La Cour internationale d'arbitrage de la CCI, qui est actuellement composée de 114 membres de 78 pays, a siégé 60 fois en 2003, dont 12 en session plénière et 48 en comité restreint. Elle est assistée, pour la gestion quotidienne des dossiers, par un secrétariat permanent comptant plus de 50 collaborateurs, dont une trentaine de juristes de plus de 20 nationalités, capables de s'exprimer au total en 20 langues. Le secrétariat est équipé d'infrastructures technologiques modernes qui lui permettent de communiquer avec les divers acteurs de la procédure dans toutes les régions du monde. La Cour dispose en outre de représentants locaux permanents qui assurent la coordination et la promotion de ses activités en Amérique du Nord et du Sud, en Asie et au Royaume-Uni. Les membres de la Cour et de son secrétariat participent par ailleurs régulièrement à des séminaires et à des conférences, à travers le monde, et contribuent ainsi à mieux faire connaître les services de règlement des différends de la CCI.

En 2003, l'activité de la Cour de la CCI s'est maintenue au niveau élevé atteint en 2002, avec plus de 1 100 affaires en cours à la fin de l'année. Les demandes d'arbitrage ont concerné tous les secteurs économiques - la construction et l'ingénierie, l'énergie et les technologies de l'information concentrant au total plus d'un tiers des affaires. La finance et l'assurance, la santé et l'industrie pharmaceutique, l'équipement industriel et les transports ont aussi figuré en 2003 parmi les domaines les plus présents.

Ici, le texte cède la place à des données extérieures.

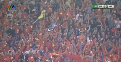 Vàoooooo. Phút 11, từ quả phạt góc của Thành Lương, bóng được treo vào, hậu vệ Indonesia đánh đầu phá bóng không tốt, Quế Ngọc Hải ngay lập tức đệm bóng vào góc cao mở tỉ số trận đấu.

Note : Les chiffres ci-dessus ne tiennent pas compte des jonctions d'affaires. [Page8:]

Parties à l'arbitrage

Les 580 nouvelles affaires enregistrées par la Cour de la CCI en 2003 ont intéressé au total 1 584 parties. Si le cas de figure le plus fréquent reste celui d'un arbitrage opposant un demandeur et un défendeur, les différends multipartites continuent de représenter près d'un tiers de la charge de travail de la Cour. Parmi les dossiers ouverts en 2003, 174 (soit 30 %) impliquaient plus de deux parties. Dans 92 cas, il s'agissait d'un demandeur et de plusieurs défendeurs, dans 53 de plusieurs demandeurs et d'un défendeur, et dans 29 de plusieurs demandeurs et défendeurs. Le plus grand nombre de parties dans une seule affaire a été de 27 (un demandeur et 26 défendeurs), et le plus grand nombre de demandeurs en une même affaire de 12. En moyenne, les arbitrages multipartites intéressent environ cinq parties.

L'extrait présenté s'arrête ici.